Alright, alright... I'm sorry. I've been way out of touch. I do appreciate all the email :-) I am working on a story. I hope that I get it online by this weekend, because if I don't, it probably won't be until the New Year. (New Century / Millennium, too, depending on how you count such things. Personally, I think we should celebrate Jan 1, 2000 and Jan 1, 2001 alike :-)

I've been so insanely busy with this beta release that I have had virtually no time for the site, and what time I have had I've put into the new story. I figured y'all would prefer that as a priority.

We're done, though. As of today, all changes are committed, all code is reviewed, all programs are tested, and we're through. I've been helping out with some coding, which wasn't what I was supposed to be doing, since I'm not really a programmer... but I took some of the grunt work away from the developers, who were happy to lose it.

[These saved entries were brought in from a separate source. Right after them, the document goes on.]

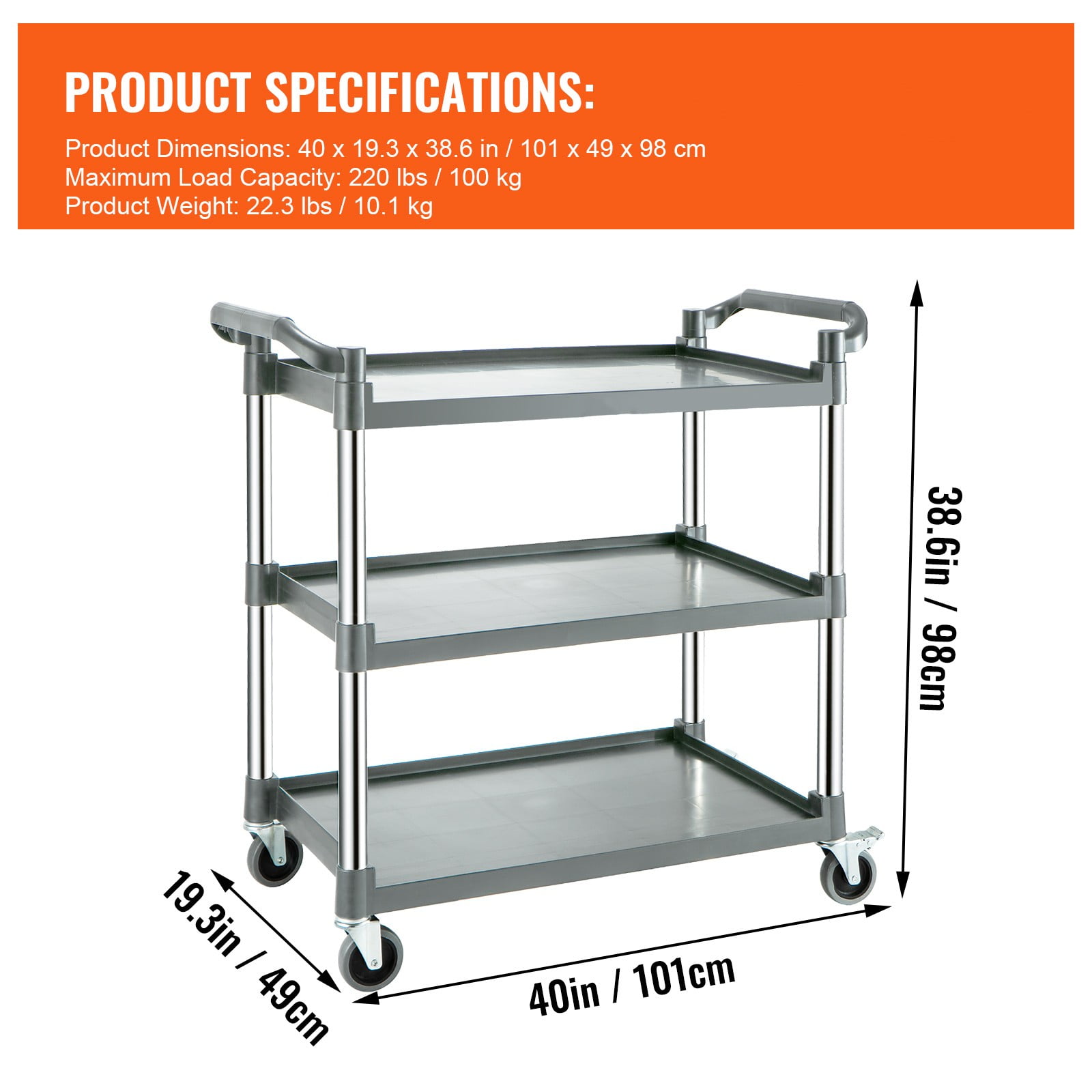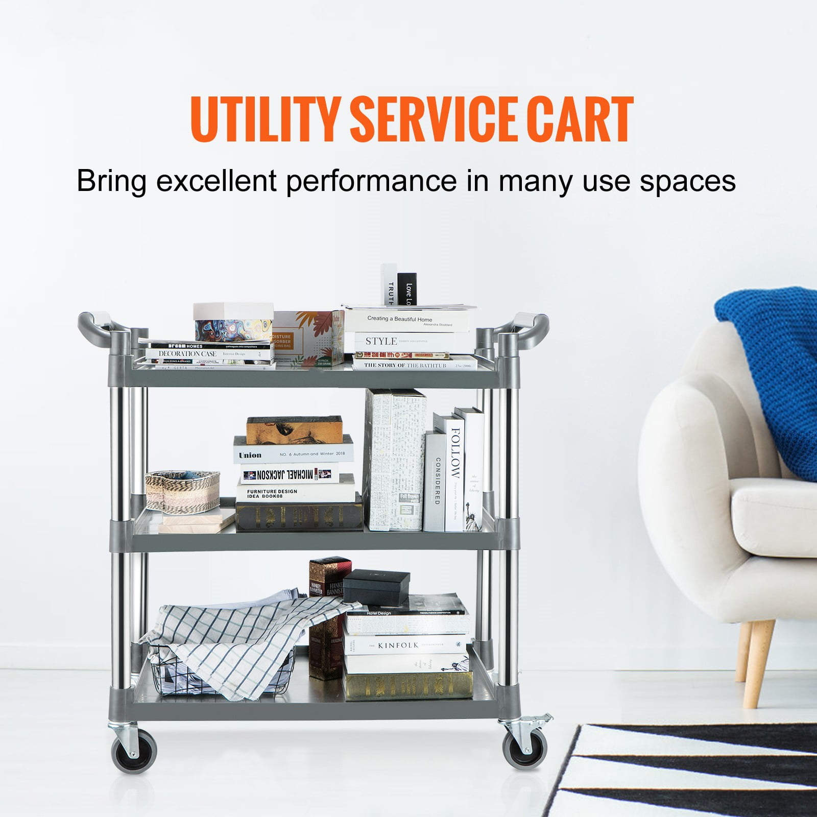 BENTISM Utility Service Cart with Wheels 3-Tier Food Service Cart 220lbs Capacity
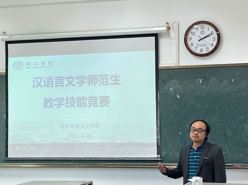 中文系系主任陈开晟老师的开场白拉开了赛事序幕,他希望通过这次比赛加强师范生的实践应用能力,最终筛选出优秀的选手参与校级、省级大赛,同时期待同学们以饱满的精神、昂扬风貌参加比赛,并预祝将来师范生教学技能大赛能越办越好。
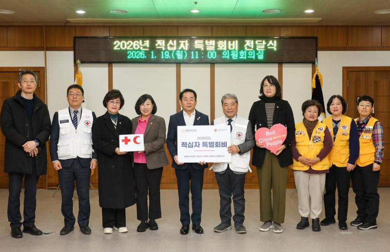 의정부시의회 김연균 의장은 2026년도 대한적십자사 특별회비를 전달하며, 지역사회 취약계층과 위기가정을 지원하기 위한 나눔 실천에 동참했다. 이번 특별회비 전달은 재난·재해 대응과 복지 사각지대 해소, 긴급구호 활동 등 인도주의적 사업을 수행하고 있는 대한적십자사의 공익 활동을 지원하기 위한 취지로 마련됐다.
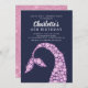 Modern pink rhinestone crystals mermaid tail girls birthday party invitation set on a midnight blue background with a coordinating pink glitter back for an extra special touch.
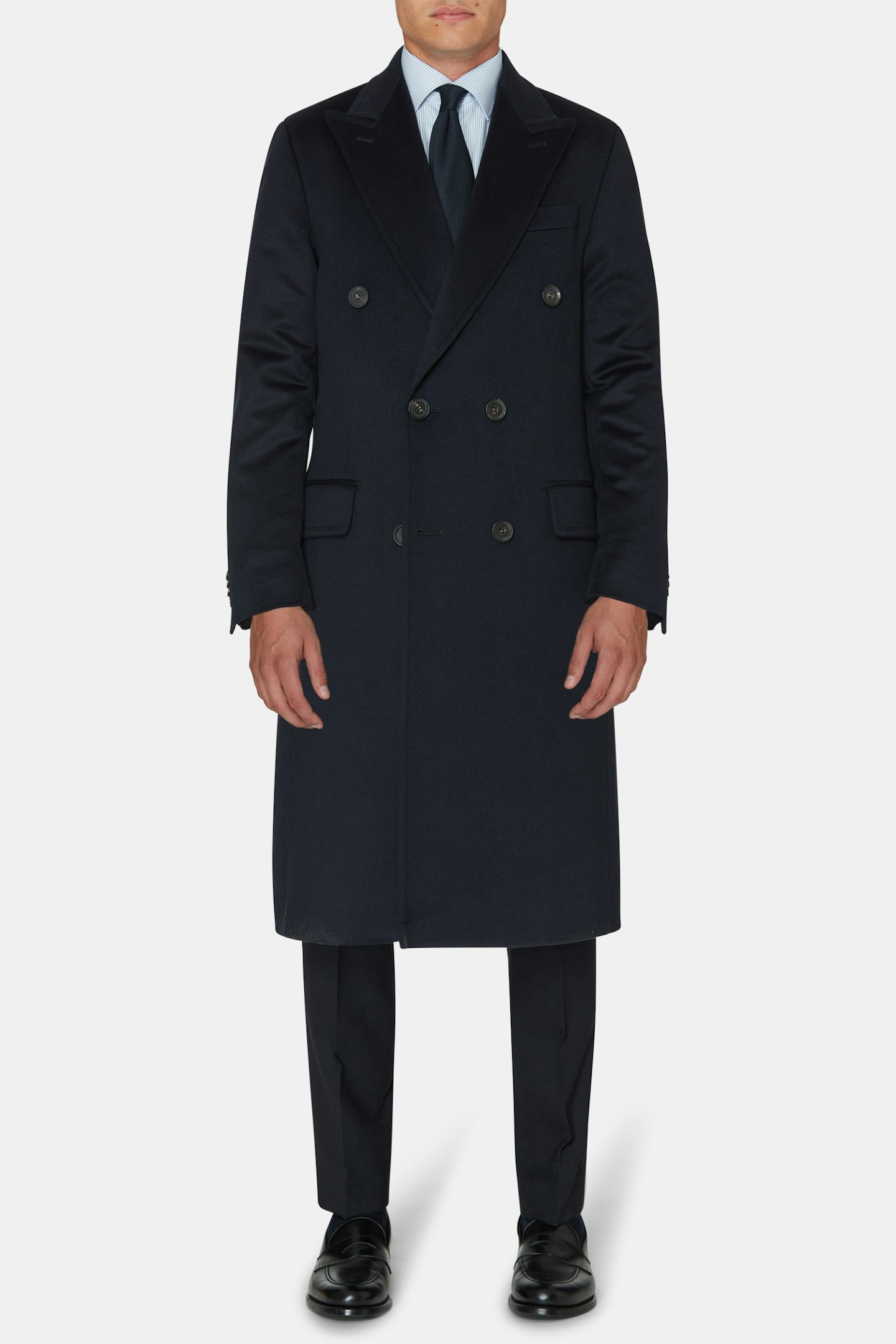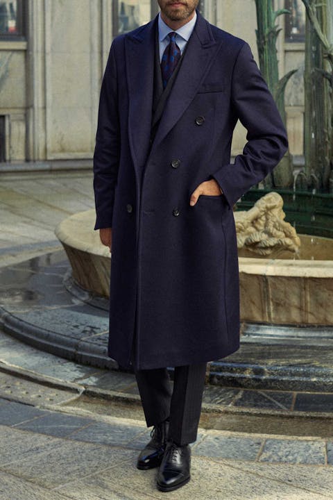 Dubbelknäppt lyxig rock framtagen i samarbete med Gentlemanualen. Klassisk rockmodell med spetsiga slag som gör sig lika bra över en smoking eller mörk kostym som en grovstickad polotröja och ett par vita jeans. Rocken är i 100% kashmir producerad hos italienska Fratelli Tallia Di Delfino.
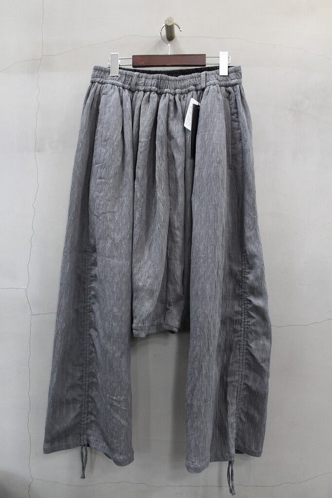 非常に深い股上が特徴のサルエルトラウザーズ。生地の分量が多くヒップラインから太ももの極端なワイドシルエットから裾に向かって細くなるデザイン。ドレープや落ち感による動きのある表情が特徴の素材は通気性も高く涼しくお使い頂けます。裾のドローストリングスによりアレンジも可能で、暑い季節に応じたコーディネートが可能です
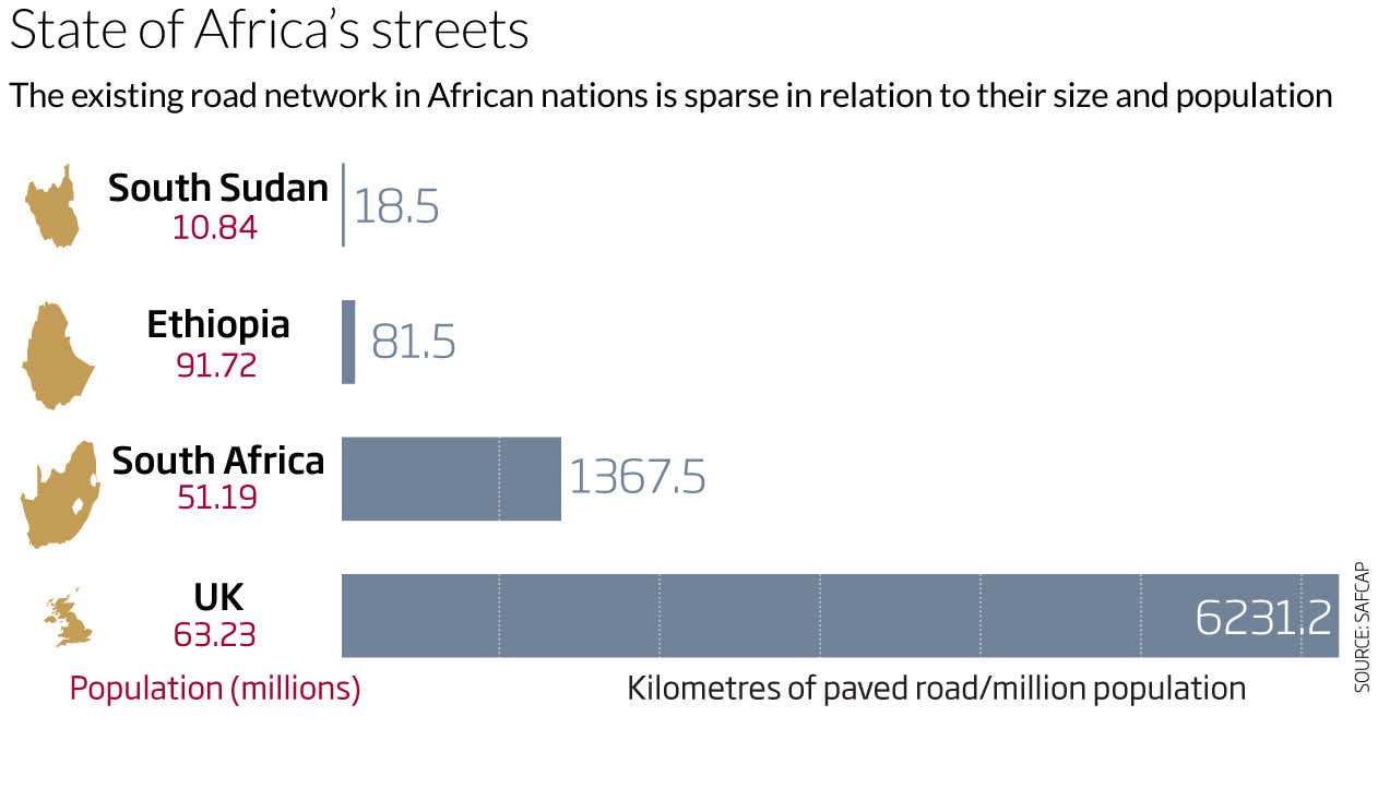 The need for infrastructural change is undeniable. Compared with the world average, Africa’s existing road network is sparse and poorly maintained. According to a report for the World Bank, average road density on the continent is 204 kilometres of road per 1000 square kilometres of land area – only a quarter of which is paved. In contrast, the world average is 944 kilometres per 1000 square kilometres with more than half paved. This is partly due to Africa’s vast area, but its roads look sparse even when viewed by population (see diagram).

Tomorrow is the Christmas Party, or we would have been having a release celebration party. What we've done instead is extended the hours a little, contracted with a taxi service for the night (getting people to the party as well as from, so they really don't need to drive), and shortened the work day tomorrow.

After that, Brian and I have decided to spend Christmas at his grandparents. Short notice, but we really didn't know whether it would be possible until early this week. I'll keep my phone with me, Just In Case... and any work I need to do I can probably do remotely. It will be a couple of weeks before any problems start showing up, and the holidays would be a good time to take a needed break, for all of us.

Well, I'll get back to my new story, tentatively titled "Infidelity", and with luck it will be online in a couple of days.

 

Have a few minutes free here, since things have calmed down. A couple of things I meant to add yesterday, but got caught up in trying to get caught up :-)

I went to the court last week and got my paperwork for taking a defensive driving class. I have a couple of months to take the course.

We did a little late Christmas shopping yesterday. I guess the local school district finished within the last couple of days, because the food court was full of teenagers. God, was I really one of them once? :-)

They do seem different, especially the girls. They're *perfect*. If you see what I mean. Perfect in a very limited sense... they're matchstick-thin, dangerously so. Anorexics with smooth, unblemished skin and big breasts. Some of them *have* to have had boob jobs. White, black, hispanic, asian, they just all look and act identical. Tight jeans, tiny tee shirts which exposed stomach and bosom alike.

I know we aspired to sameness when I was a high-schooler in this same district, but I don't recall it being so overt an obsession. Somewhere along the way, this also became a district having one of the highest teen-suicide rates in the country... and one of the nation's highest heroin addiction rates. No prizes for figuring out whether I think these are all connected.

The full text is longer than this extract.